PLATE XXXVI. INDIAN HUTS ON THE AMAZONS RIVER.
The Spaniards felt as if they were carried over a boundless lake. Where the banks are low the forests are flooded for miles, and the trees stand up out of the water. Then the wild animals fly to safer districts, and only water birds and forest birds remain, with such four-footed animals as spend all their lives in trees. The fifty men noticed that certain stretches on the banks were never reached by the high water, and it was only at these places that the Indians built their huts, just as the indiarubber gatherers do at the present day (Plate XXXIV.).
When the high water retired, large patches of the loose, sodden banks were undermined, and fell into the river, weighed down by the huge trees they supported. Islands of timber, roots, earth, and lianas were carried away by the current. Some stranded on shallows in the middle of the river, others grounded at projections of the bank, and other rubbish was piled up against them till the whole mass broke away and danced down the river towards the sea. Here the men had to be careful, for at any moment the boats might capsize against a grounded tree trunk. Deep pools also were found, and the current ran at the rate of 2-1/2 feet a second, and they often had the help of the wind.
They soon learned to know by the changed appearance of the forest where they could land. Where the royal crowns of foliaged trees reared their waving canopy above the palms they could be sure of finding dry ground; but if the palms with verdant luxuriance raised their plumes above low brushwood, they might be sure that the bank was flooded by the river.
If the voyage on the capricious river was dangerous, the Spaniards were still more disturbed by Indians, who came paddling up in their canoes and showered poisoned arrows on the boats. To get through in safety, the explorers had to avoid the banks as much as possible.
At the end of May they drifted past the mouth of the Rio Negro, which discharges a large volume of water, for it collects streams from Venezuela and Guiana, and from the wet llanos, or open plains, north of the Amazons River. Where the great tributary is divided by islands it attains a breadth of as much as thirty miles.
Here Orellana stayed several weeks with friendly Indians, who lived in pretty huts under the boughs of bananas. The vessels were repaired, and provisions taken on board—maize, chickens, turtles, and fish. There were swarms of edible turtles, and the Indians caught them and collected their eggs; and the fish were abundant and various—no wonder, when two thousand species of fish live in the basin of the Amazons.
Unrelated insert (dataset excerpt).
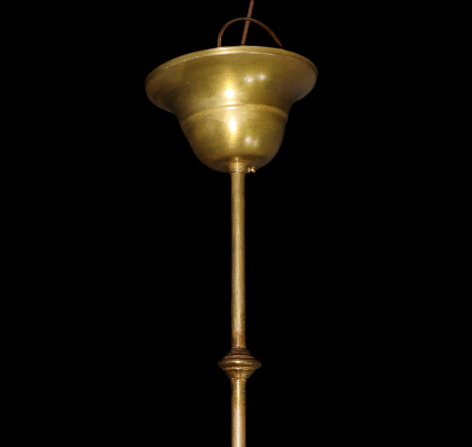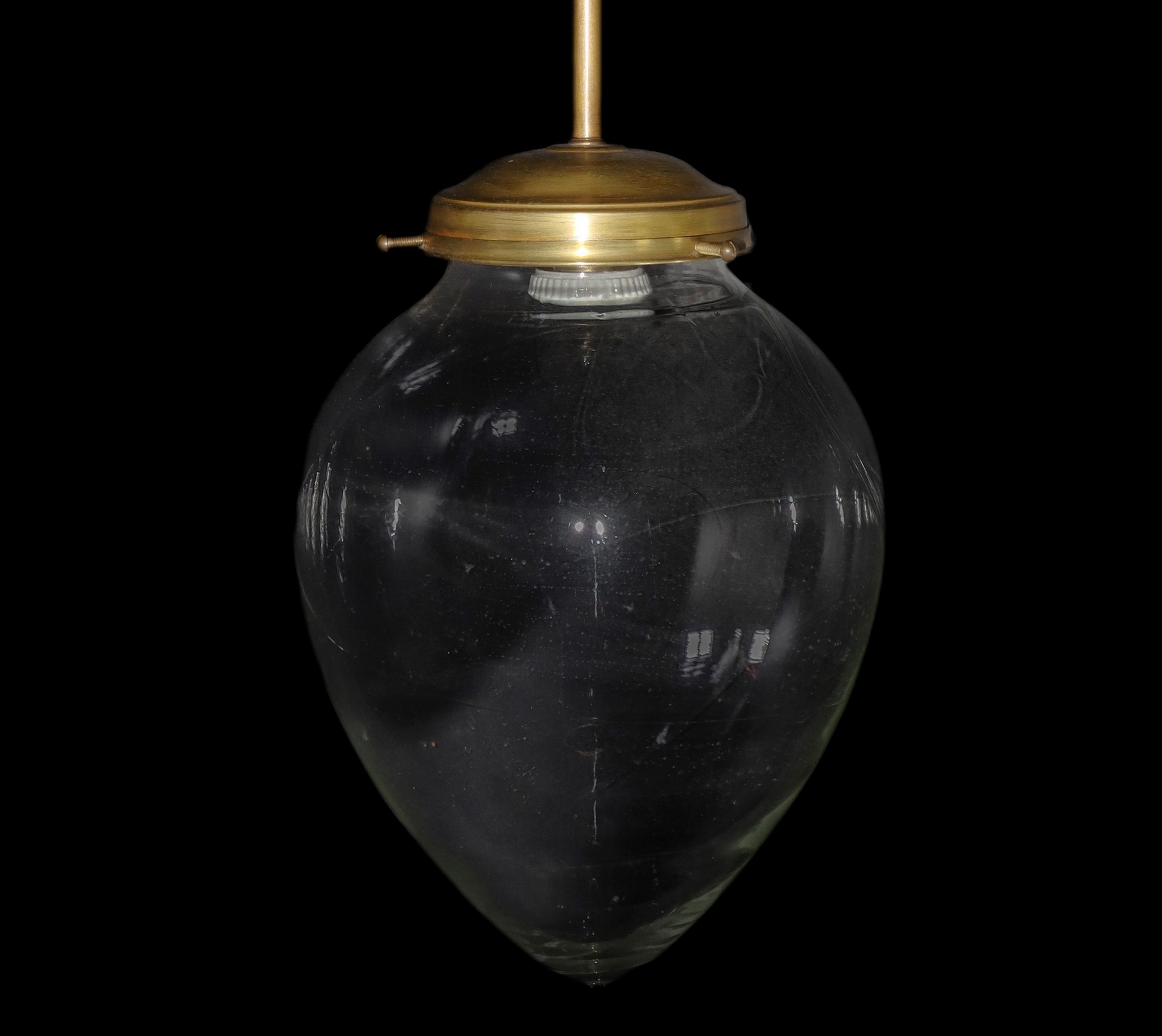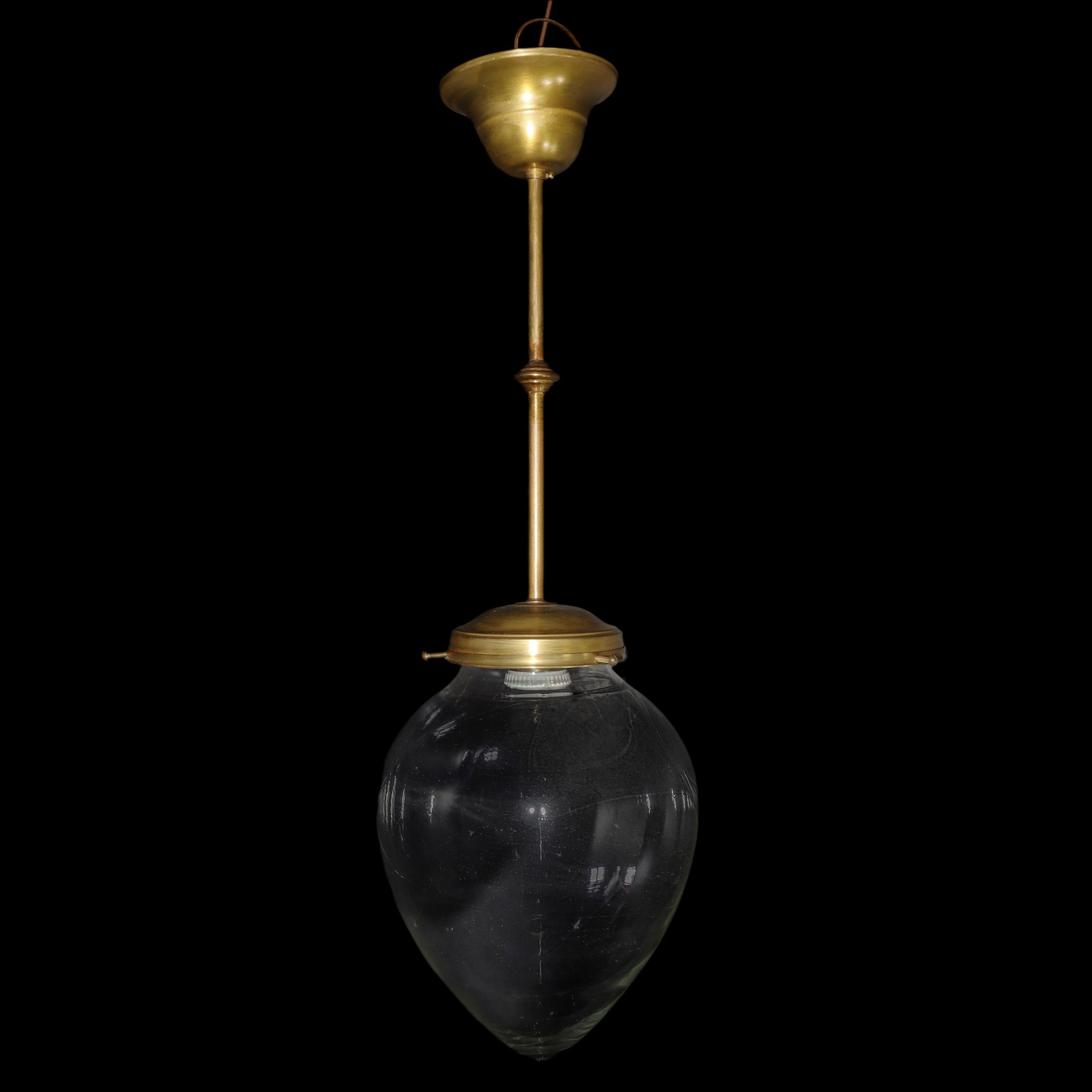 Lampadario monoluce a boccia in vetro trasparente, stelo in metallo doratoCm 60 x 20

Shortly afterwards they glided past the mouth of the Madeira, a mile and a half broad, which discharges a volume of water little inferior to that of the main river. For the Madeira has its sources far to the south, and descends partly from the cordilleras of Peru and Bolivia, partly from the plateau of Brazil.
Woods and no end of water, month after month! The heat is the same all the year round—not very excessive, seldom 104°, but still oppressive and enervating because of the humidity of the air. Yet the voyage was not monotonous. Leaning against the masts and gunwale, or leisurely moving the oars, the soldiers could observe the dolphins leaping in the river, the sudden darts of the alligators as they hunted the fish through the water, or the clumsy movements of the manati, one of the Sirenia, as it cropped grass at the edge of the bank, to the danger of the eel-like lung fish, which sometimes goes up on to dry land. Sometimes they saw the Indians in light canoes pursue manatis and alligators with harpoons for the sake of their flesh, and perhaps they felt a shiver at the sight of the huge water-snakes of the Amazons River.